- [Directions for this task]:
Nothing should appear in the answer except the lines below from the line containing "ベッド セミシングル 収納付き" through the line containing "구미시(시장 남유진)는 지난", copied exactly, with pictures left out.

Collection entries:

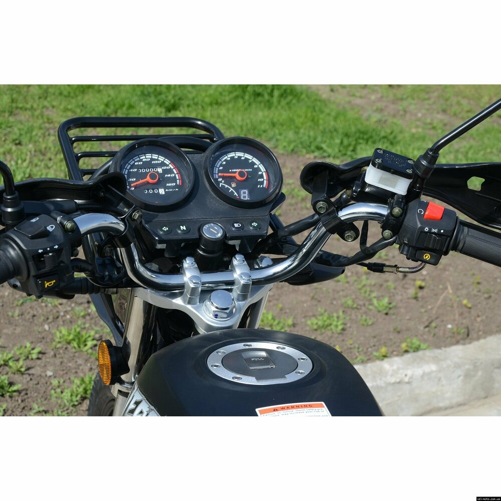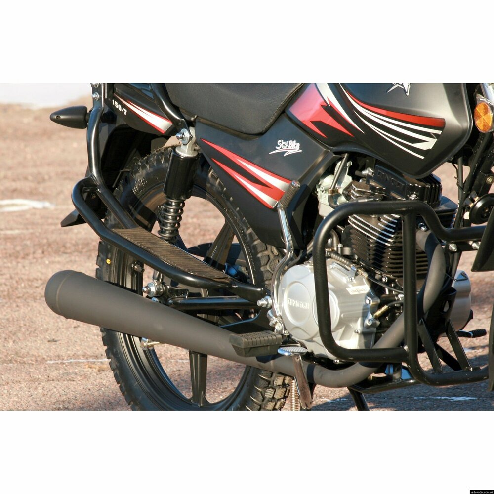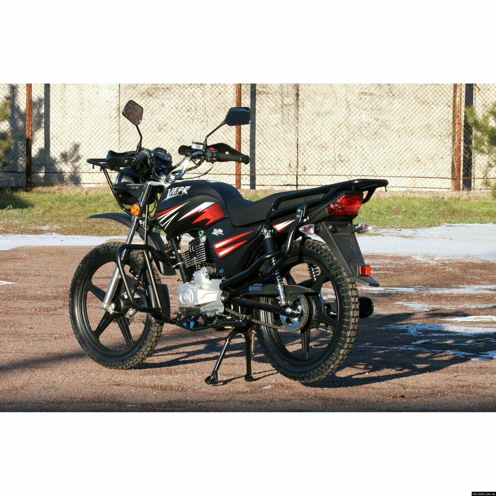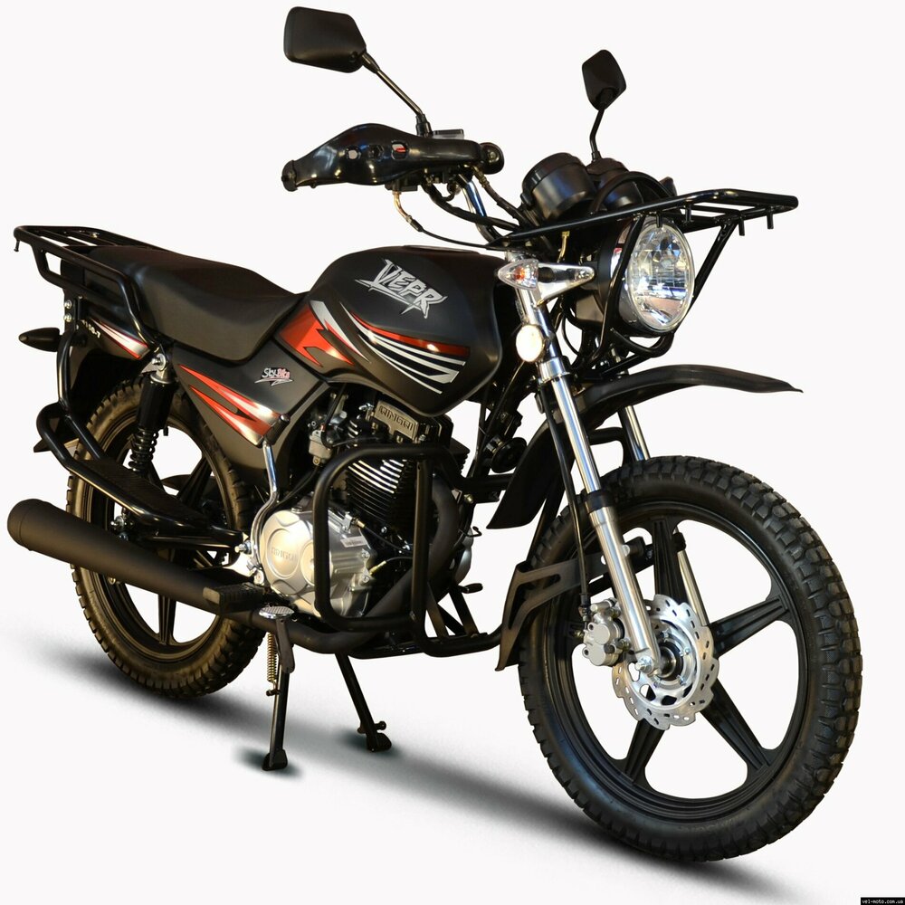 Мотоцикл Skybike VEPR-150 - лёгкий мотоцикл.Объём двигателя составляет 149 кубических сантиметров. На 100 км пути потребуется всего 2 л. бензина. Максимальная развиваемая скорость составляет 95 км/ч. Защитный бугель на фару, металлическая дуга для защиты ног водителя, удобные подставки для ног пассажира, дополнительный подкрылок на переднем колесе. ТЕХНИЧЕСКИЕ ХАРАКТЕРИСТИКИ:
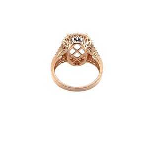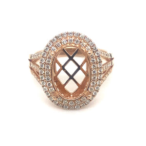 Brilliant Accent Diamonds Sparkles In This Elegant, One Of A Kind Double Halo With A 3 Row Split Shank Micro Pave Diamond Semi-Mount Ring. Crafted In 14K Rose Gold For A Total Of 1.00 Carats Of Near Colorless Round Diamonds With Vs Clarity. The Four Prong Head Is Suitable For An Oval Shaped Gemstone Between 5-7 Carats In Size.
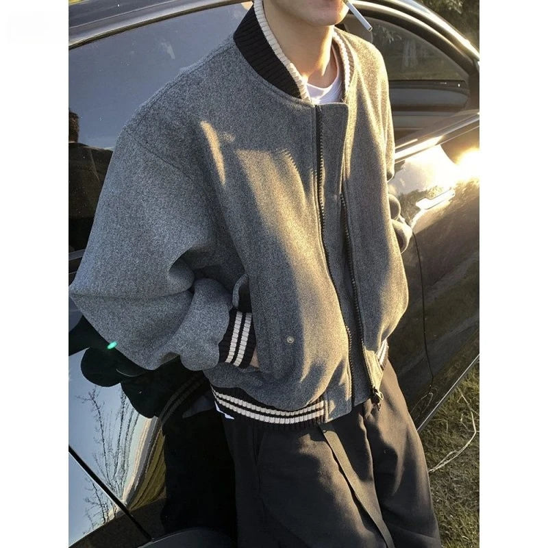 Threebooy Autumn Winter American Baseball Jacket High Street Men's Korean Casual Loose Baseball Uniform Woolen Jacket Cityboy Streetwear
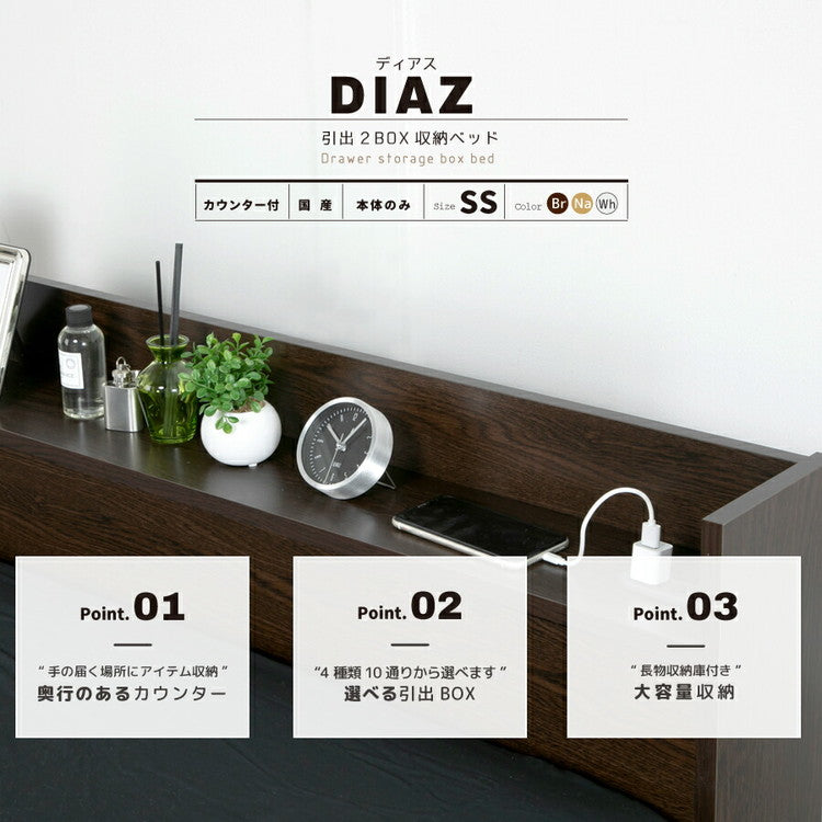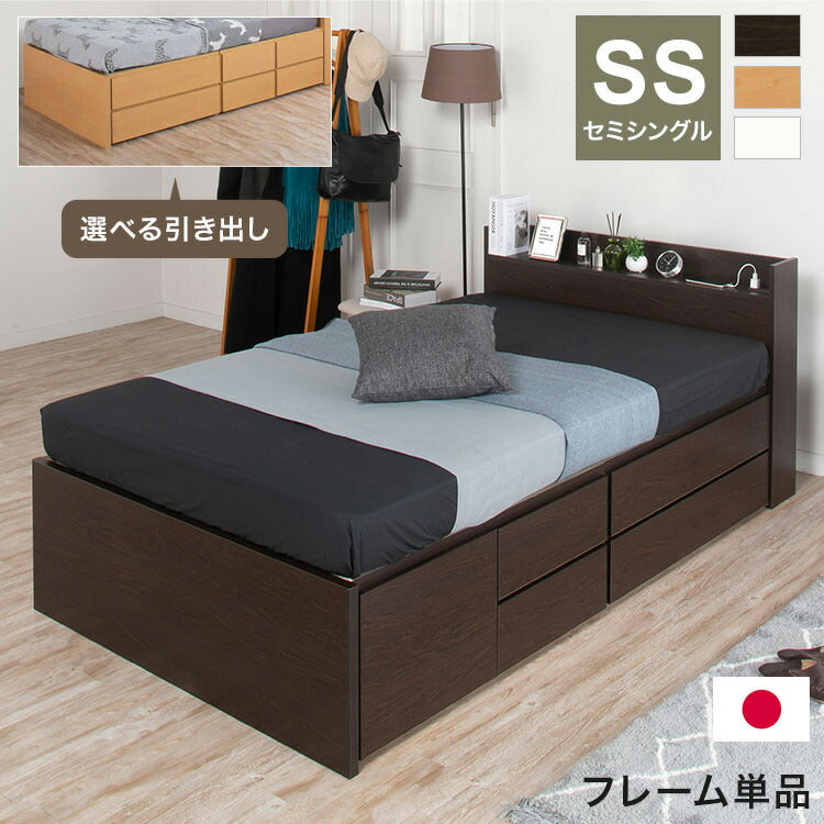 ベッド セミシングル 収納付き カウンター コンセント 日本製 フレームのみ 大容量 ベッドフレーム 木製 引き出し付き 収納ベッド 木製ベッド シンプル インテリア 北欧(代引不可)
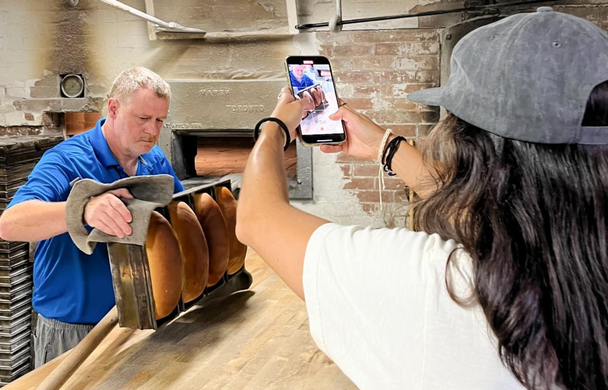 Briana-Lynn Brieiro, Social Video Reporter from blogTO, filmed at three Leeds Grenville locations, including Grahame’s Bakery in Kemptville (top photo at left), Yellow Canoe Café in Merrickville (bottom photo at left) and Scheuermann Vineyard & Winery in Westport.
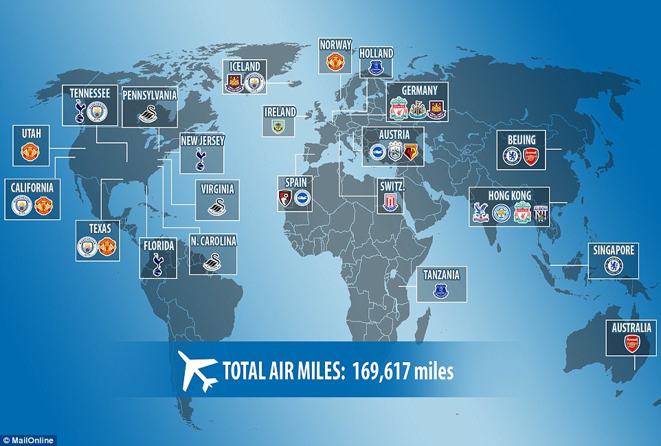 对于商业化程度最高的英超联赛,每年夏天的季前热身赛,通常会成为各支球队拓展海外市场、推广球队品牌、培养海外球迷的绝佳机会,于是英超诸强也都不约而同地飞赴海外拉练,开启他们的一年一度的“淘金”之旅。根据《每日邮报》的统计,今夏20支英超球队的海外飞行全程,更是接近17万英里。
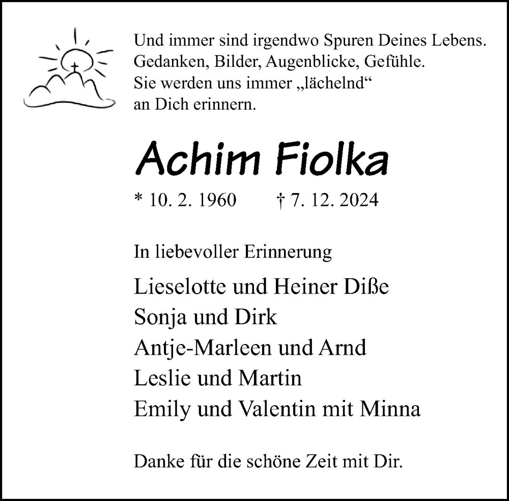 Hier finden Sie alle Traueranzeigen aus der Zeitung, die bisher für Achim Fiolka erschienen sind. Weitere Traueranzeigen, die in der Zeitung erscheinen, werden hier ebenfalls aufgelistet
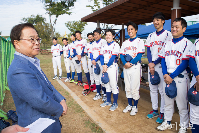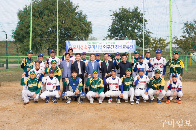 구미시(시장 남유진)는 지난 10월 14일(토)에 낙동강체육공원에서 구미시청 새마을야구단, 구미경찰서크로우즈야구단, 일본 오츠시청야구단 등 선수 50여명이 참가한 가운데 자매결연도시인 오츠시청 야구단과 친선교류전을 개최하였다.
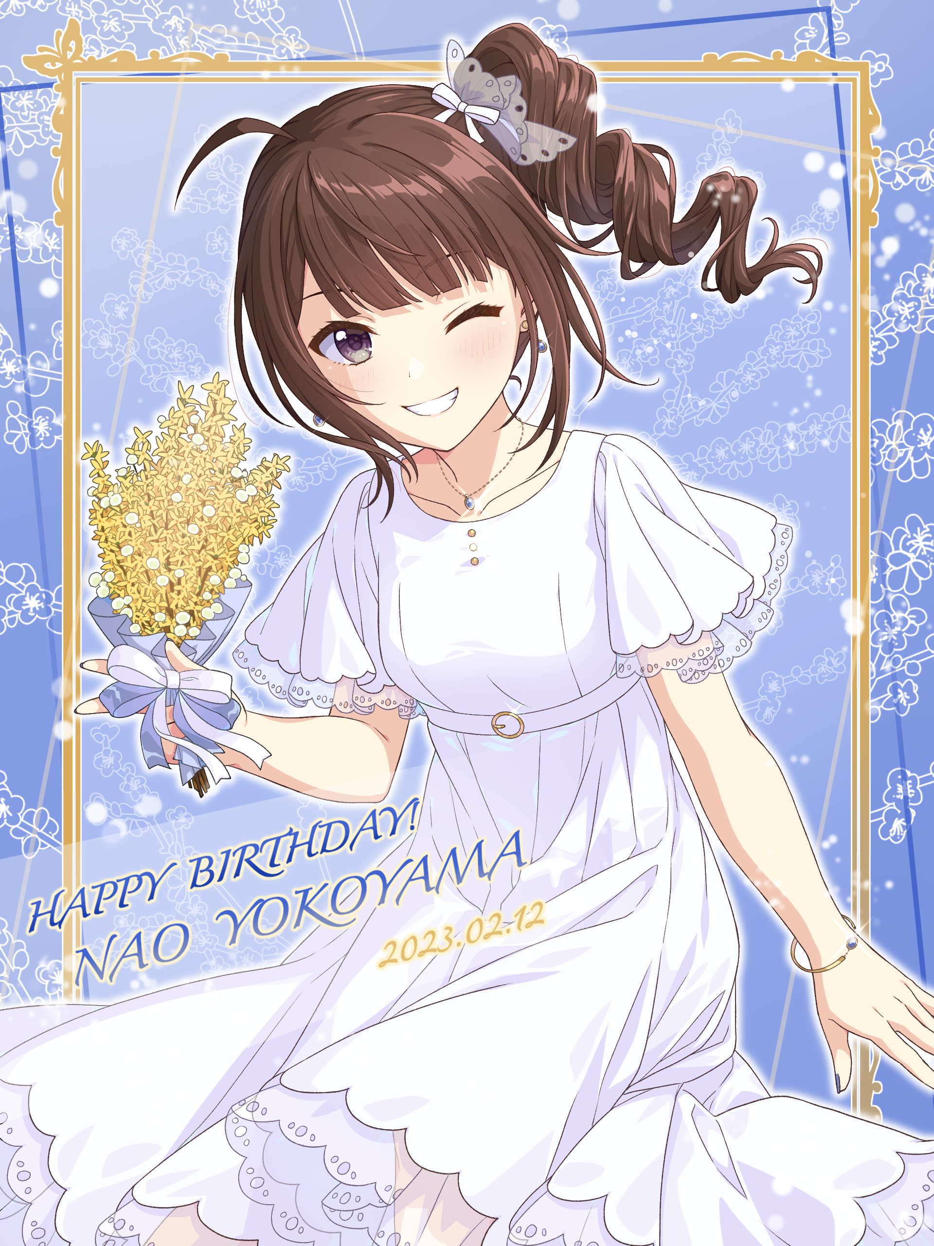 1girl 2023 absurdres ahoge blue_nails blunt_bangs blush bouquet bow bracelet breasts brown_hair character_name collarbone dress drill_hair earrings flower grin hair_ornament happy_birthday highres holding holding_bouquet idolmaster idolmaster_million_live! idolmaster_million_live!_theater_days jewelry long_hair looking_at_viewer applying_manicure medium_breasts nail_polish one_eye_closed purple_eyes ribbon see-through_clothes see-through_sleeves shiro_(ongrokm) short_sleeves side_drill side_ponytail sidelocks small_breasts smile solo white_dress yellow_flower yokoyama_nao

- [Solved exercise]:
 ベッド セミシングル 収納付き カウンター コンセント 日本製 フレームのみ 大容量 ベッドフレーム 木製 引き出し付き 収納ベッド 木製ベッド シンプル インテリア 北欧(代引不可)
 Briana-Lynn Brieiro, Social Video Reporter from blogTO, filmed at three Leeds Grenville locations, including Grahame’s Bakery in Kemptville (top photo at left), Yellow Canoe Café in Merrickville (bottom photo at left) and Scheuermann Vineyard & Winery in Westport.
 对于商业化程度最高的英超联赛,每年夏天的季前热身赛,通常会成为各支球队拓展海外市场、推广球队品牌、培养海外球迷的绝佳机会,于是英超诸强也都不约而同地飞赴海外拉练,开启他们的一年一度的“淘金”之旅。根据《每日邮报》的统计,今夏20支英超球队的海外飞行全程,更是接近17万英里。
 Hier finden Sie alle Traueranzeigen aus der Zeitung, die bisher für Achim Fiolka erschienen sind. Weitere Traueranzeigen, die in der Zeitung erscheinen, werden hier ebenfalls aufgelistet
 구미시(시장 남유진)는 지난 10월 14일(토)에 낙동강체육공원에서 구미시청 새마을야구단, 구미경찰서크로우즈야구단, 일본 오츠시청야구단 등 선수 50여명이 참가한 가운데 자매결연도시인 오츠시청 야구단과 친선교류전을 개최하였다.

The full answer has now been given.